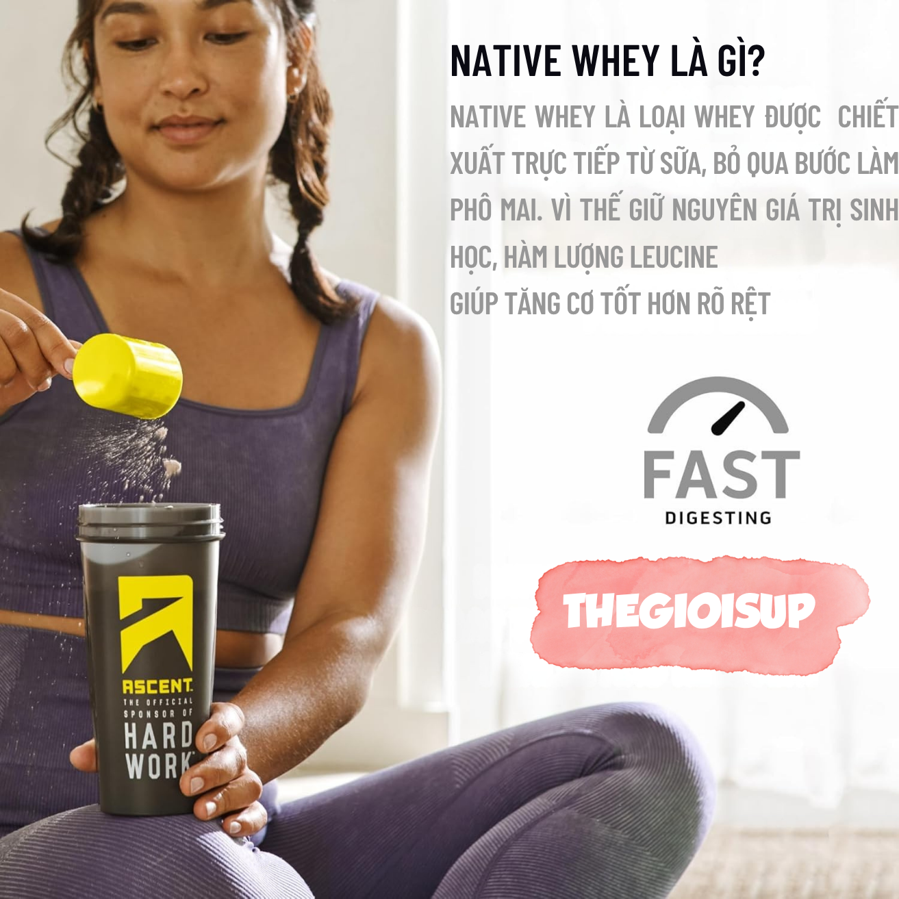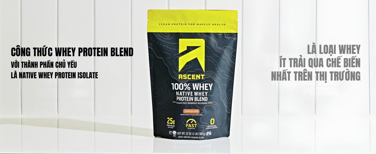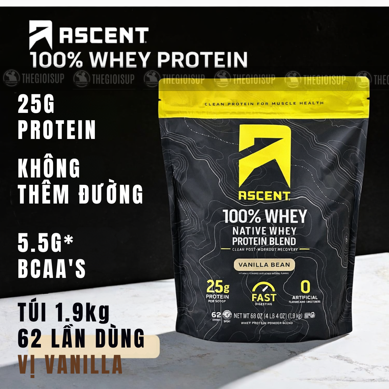 Việc cung cấp năng lượng cho cơ thể để duy trì một lối sống năng động, lành mạnh đòi hỏi sự cam kết lớn. Một yếu tố quan trọng là giảm thiểu thực phẩm chế biến sẵn và thay vào đó nấu những bữa ăn cân bằng dinh dưỡng bằng các nguyên liệu nguyên chất. Nhưng việc tìm kiếm protein sạch, ít chế biến lại khá khó khăn. Giống như nhiều sản phẩm khác tại các cửa hàng tạp hóa thông thường, hầu hết các thanh protein bar và đồ uống protein đóng chai sẵn đều có thêm đường và các thành phần nhân tạo mà bạn không thể phát âm được. Vì chúng tôi tin vào việc ăn uống lành mạnh, nên chúng tôi kiên quyết từ chối những sản phẩm đó . Nhưng có tin tốt cho bạn, đã có Ascent 100% Whey Protein. Ascent 100% Whey chứa hỗn hợp các loại protein whey, bao gồm Native Whey, loại protein whey ít qua chế biến nhất hiện nay. Native Whey là một loại protein chất lượng cao, tinh khiết, được sản xuất với ít công đoạn hơn - đồng thời hỗ trợ quá trình phục hồi cơ bắp mà bạn mong muốn sau khi tập luyện.
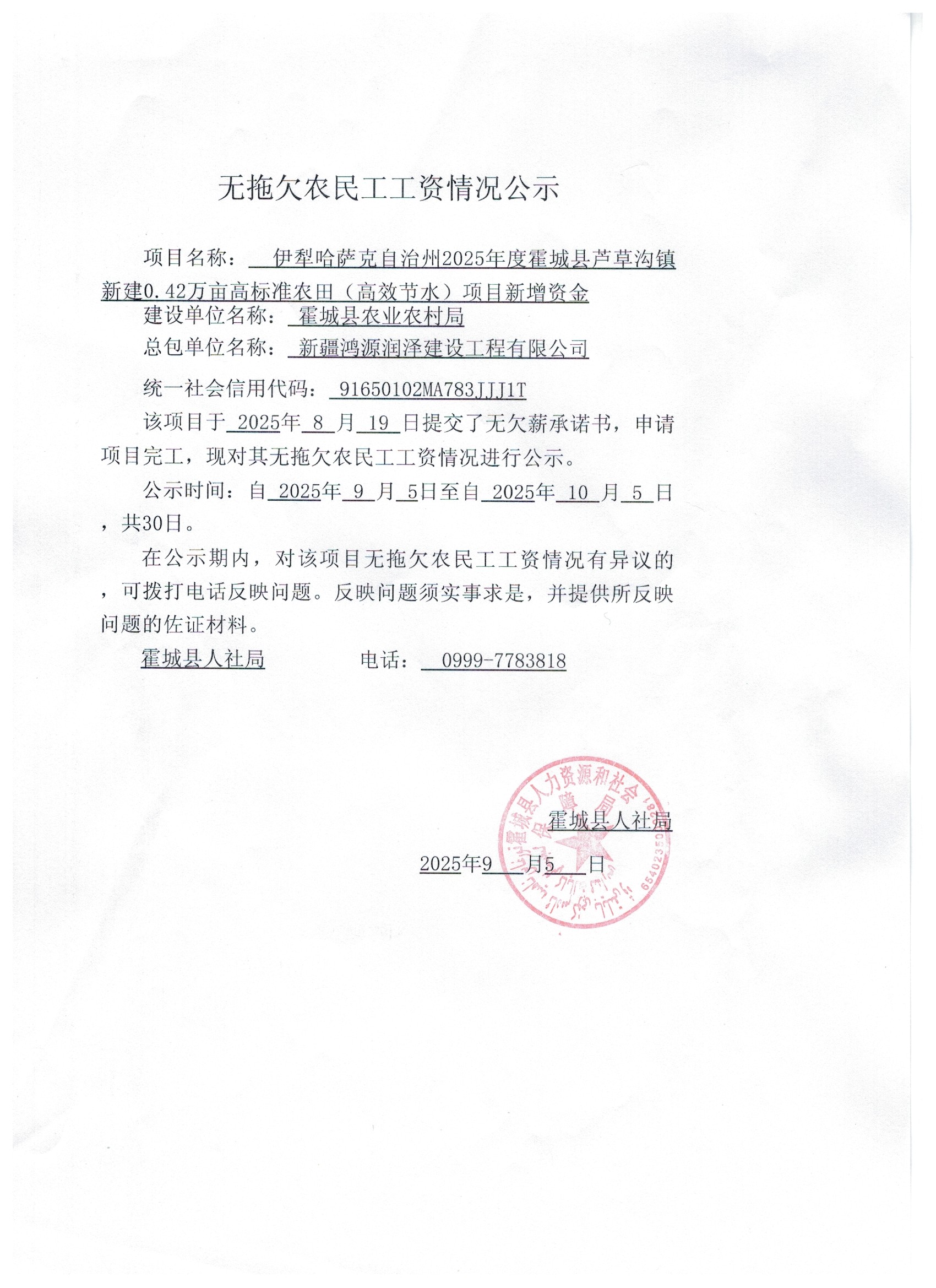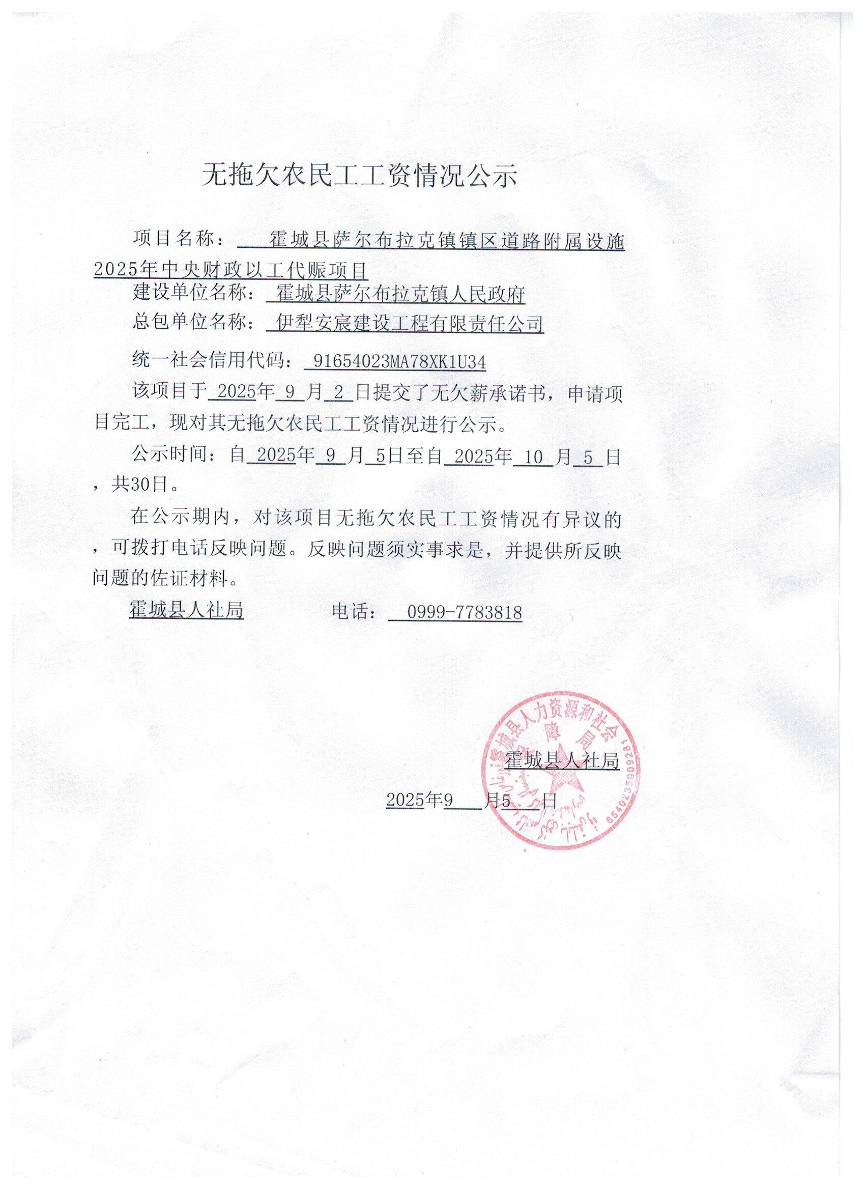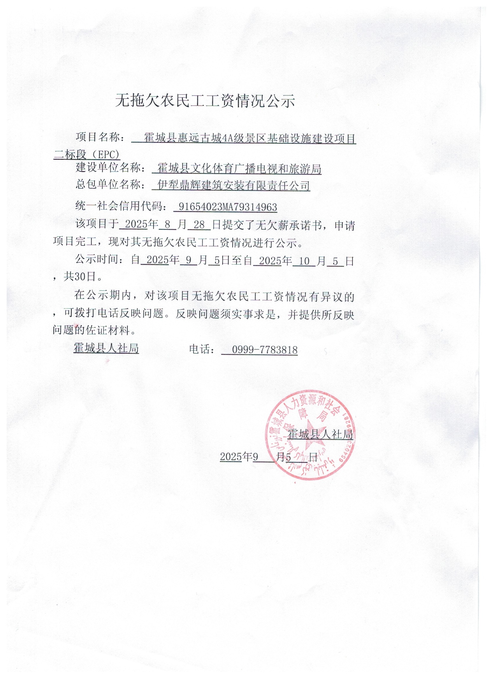 关于无拖欠农民工工资情况公示(惠远古城4A级景区基础设施建设项目二标段)
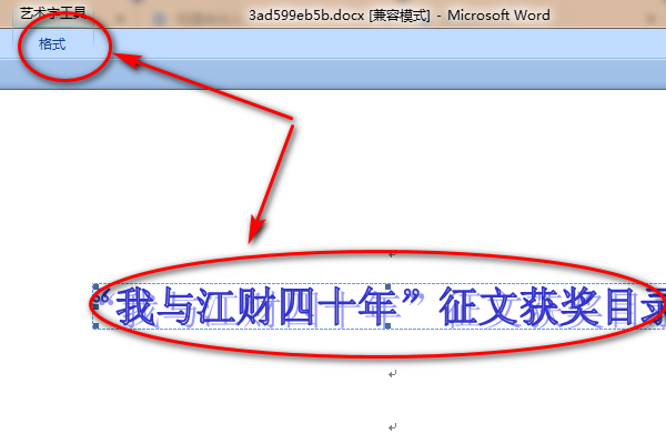 2、当字体更改为所选的艺术字样式时,点击“格式”页面选项。
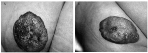 Fig. 2.--A: hemangioma ulcerado en nalga antes del tratamiento con láser. B: reepitelización tras tres sesiones con láser.
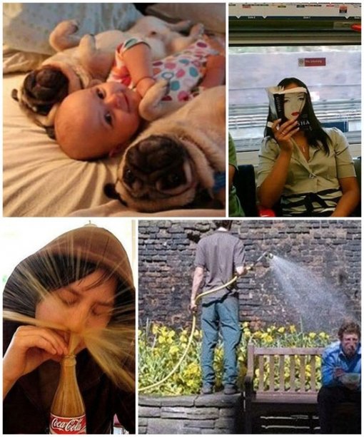 또 '광대 자극 사진'에는 마시려던 콜라가 터져 코에 음료가 들어가는 모습이나 정원에 물을 주던 정원사가 남자를 발견하지 못해 물세례를 맞는모습이 보는 이들의 웃음을 자아냈다.

EXERCISE BRIEF – Copy exactly the lines from the line containing "Fig. 2.--A: hemangioma" through the last line of the records above, both included, and leave out any pictures.

SOLUTION TO THIS PROBLEM –
 Fig. 2.--A: hemangioma ulcerado en nalga antes del tratamiento con láser. B: reepitelización tras tres sesiones con láser.
 또 '광대 자극 사진'에는 마시려던 콜라가 터져 코에 음료가 들어가는 모습이나 정원에 물을 주던 정원사가 남자를 발견하지 못해 물세례를 맞는모습이 보는 이들의 웃음을 자아냈다.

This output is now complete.